Exercise:
Would you repeat word for word the lines of the listing that follows, from the one with "Aguas residuales domésticas" up to and including the one with "Ouroeste também ganhou", and leave out the images?

(Given entries)

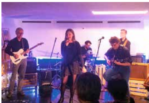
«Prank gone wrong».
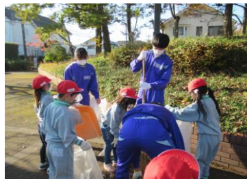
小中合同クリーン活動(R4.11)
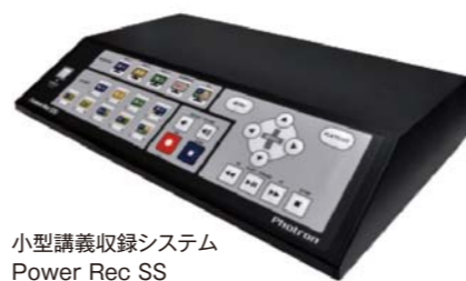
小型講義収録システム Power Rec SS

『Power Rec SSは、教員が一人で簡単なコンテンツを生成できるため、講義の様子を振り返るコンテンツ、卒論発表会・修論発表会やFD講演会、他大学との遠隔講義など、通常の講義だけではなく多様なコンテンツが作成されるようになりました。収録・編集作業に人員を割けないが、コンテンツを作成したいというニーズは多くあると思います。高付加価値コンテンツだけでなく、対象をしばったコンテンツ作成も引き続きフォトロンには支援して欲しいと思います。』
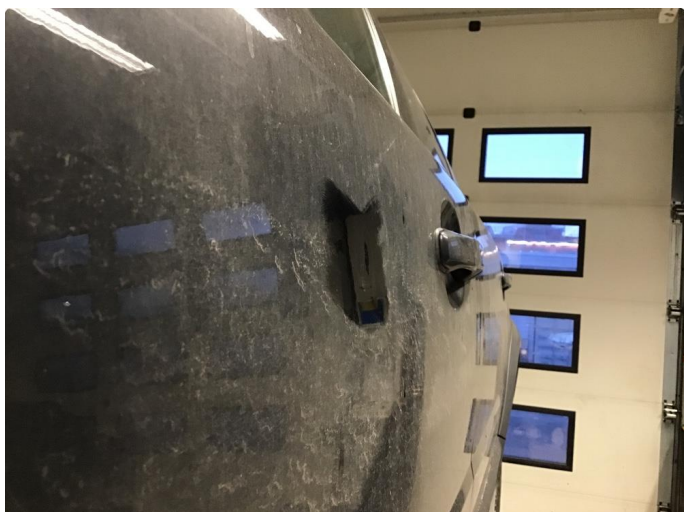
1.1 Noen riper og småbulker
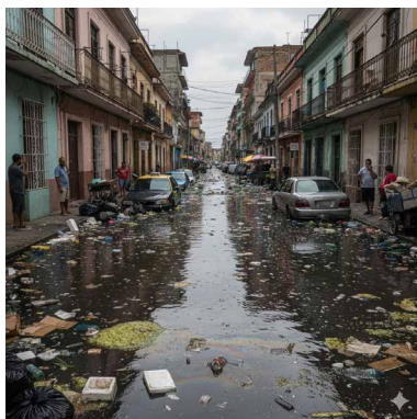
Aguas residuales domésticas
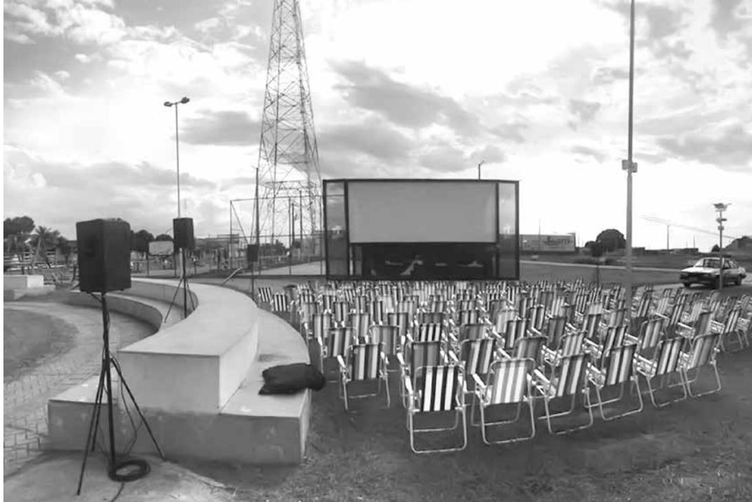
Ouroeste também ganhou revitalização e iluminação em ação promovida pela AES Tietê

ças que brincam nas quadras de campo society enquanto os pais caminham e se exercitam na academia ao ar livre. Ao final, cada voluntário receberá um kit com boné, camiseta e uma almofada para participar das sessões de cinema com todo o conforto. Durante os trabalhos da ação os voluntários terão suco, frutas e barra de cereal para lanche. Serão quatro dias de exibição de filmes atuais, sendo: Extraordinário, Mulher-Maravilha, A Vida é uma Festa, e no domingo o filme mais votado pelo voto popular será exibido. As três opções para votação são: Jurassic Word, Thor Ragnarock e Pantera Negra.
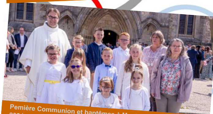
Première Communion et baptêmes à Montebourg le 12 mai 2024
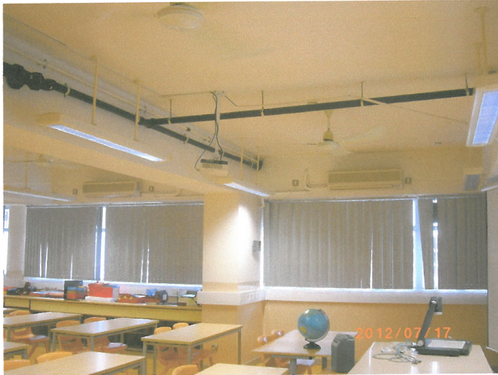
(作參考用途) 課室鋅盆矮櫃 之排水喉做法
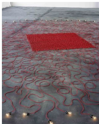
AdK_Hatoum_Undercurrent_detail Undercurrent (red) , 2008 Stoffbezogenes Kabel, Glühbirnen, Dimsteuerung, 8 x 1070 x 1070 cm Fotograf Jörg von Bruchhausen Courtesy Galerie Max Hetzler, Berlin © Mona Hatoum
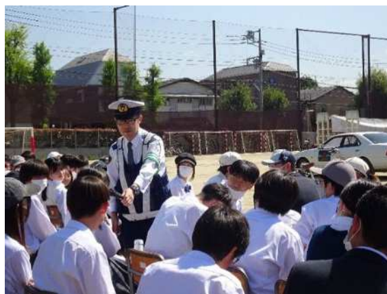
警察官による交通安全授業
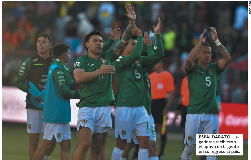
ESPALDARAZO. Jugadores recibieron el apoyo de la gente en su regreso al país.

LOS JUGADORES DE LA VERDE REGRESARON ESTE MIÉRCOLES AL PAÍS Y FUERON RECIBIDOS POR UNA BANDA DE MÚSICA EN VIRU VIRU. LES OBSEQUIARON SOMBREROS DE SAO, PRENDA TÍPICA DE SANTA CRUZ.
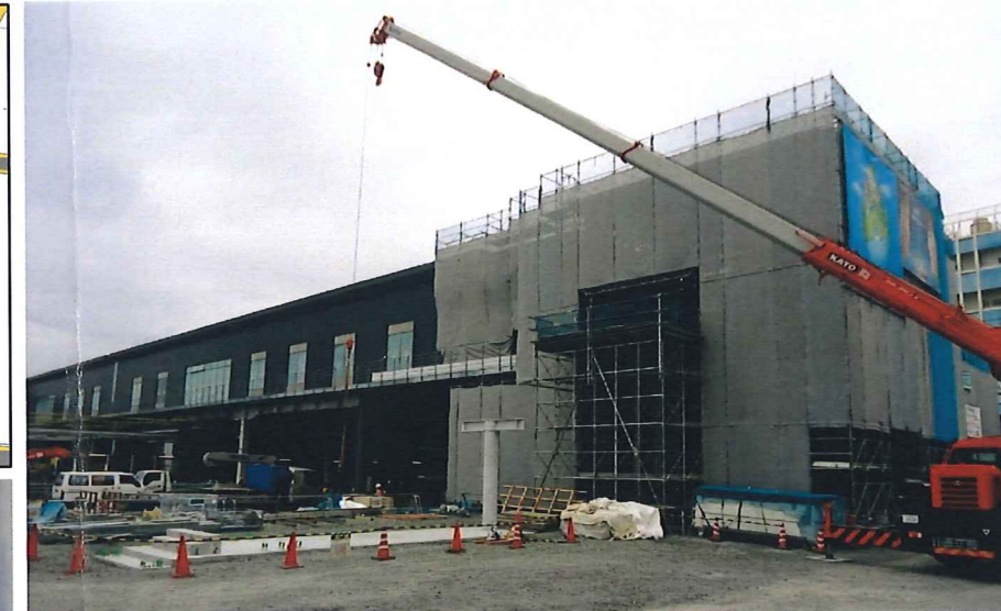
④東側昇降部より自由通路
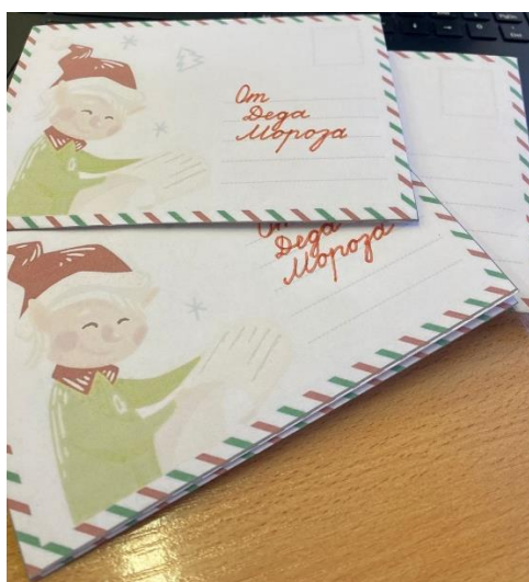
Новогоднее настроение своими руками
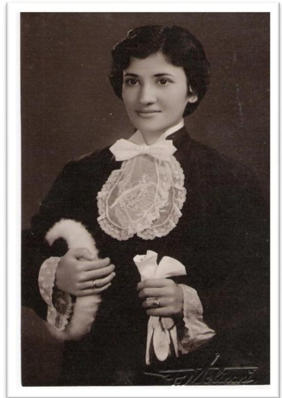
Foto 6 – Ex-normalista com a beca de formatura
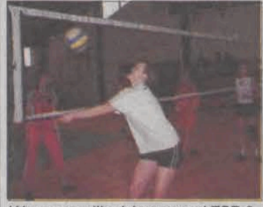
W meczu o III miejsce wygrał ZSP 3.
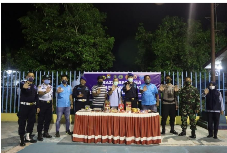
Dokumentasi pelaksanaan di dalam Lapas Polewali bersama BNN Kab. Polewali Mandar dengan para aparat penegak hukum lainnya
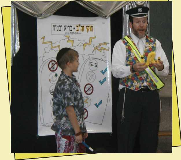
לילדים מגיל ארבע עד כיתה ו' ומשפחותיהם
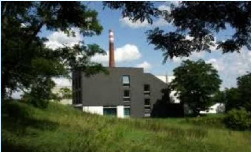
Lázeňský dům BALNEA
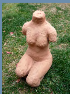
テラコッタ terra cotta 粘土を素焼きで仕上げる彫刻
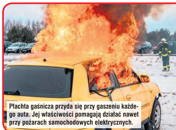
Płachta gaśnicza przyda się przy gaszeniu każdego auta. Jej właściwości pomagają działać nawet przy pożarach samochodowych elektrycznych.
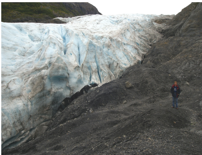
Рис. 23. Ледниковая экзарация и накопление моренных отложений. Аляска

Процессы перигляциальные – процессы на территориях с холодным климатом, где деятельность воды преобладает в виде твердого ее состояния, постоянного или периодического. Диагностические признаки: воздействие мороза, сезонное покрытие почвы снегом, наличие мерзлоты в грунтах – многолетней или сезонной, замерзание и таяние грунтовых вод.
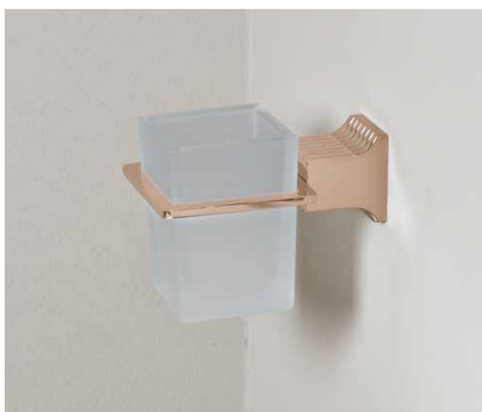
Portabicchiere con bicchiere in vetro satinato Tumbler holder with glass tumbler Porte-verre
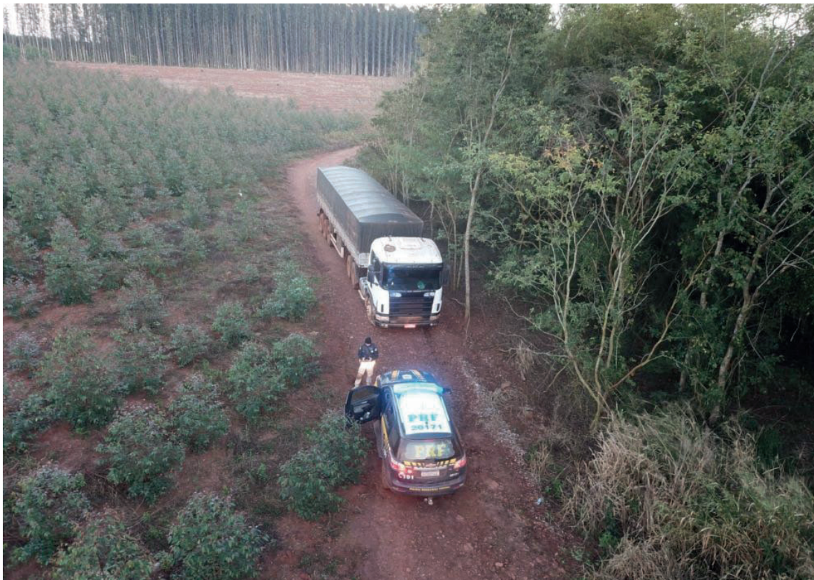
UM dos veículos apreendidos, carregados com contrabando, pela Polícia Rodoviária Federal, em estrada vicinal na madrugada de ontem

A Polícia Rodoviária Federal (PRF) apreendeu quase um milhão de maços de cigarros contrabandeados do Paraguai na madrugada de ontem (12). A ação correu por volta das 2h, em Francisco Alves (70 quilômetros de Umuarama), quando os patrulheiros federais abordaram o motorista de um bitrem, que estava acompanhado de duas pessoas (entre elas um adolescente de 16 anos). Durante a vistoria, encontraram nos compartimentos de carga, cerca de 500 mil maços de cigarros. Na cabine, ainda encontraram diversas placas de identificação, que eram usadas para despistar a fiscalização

(End Given entries)

Answer space:
Aguas residuales domésticas
Ouroeste também ganhou revitalização e iluminação em ação promovida pela AES Tietê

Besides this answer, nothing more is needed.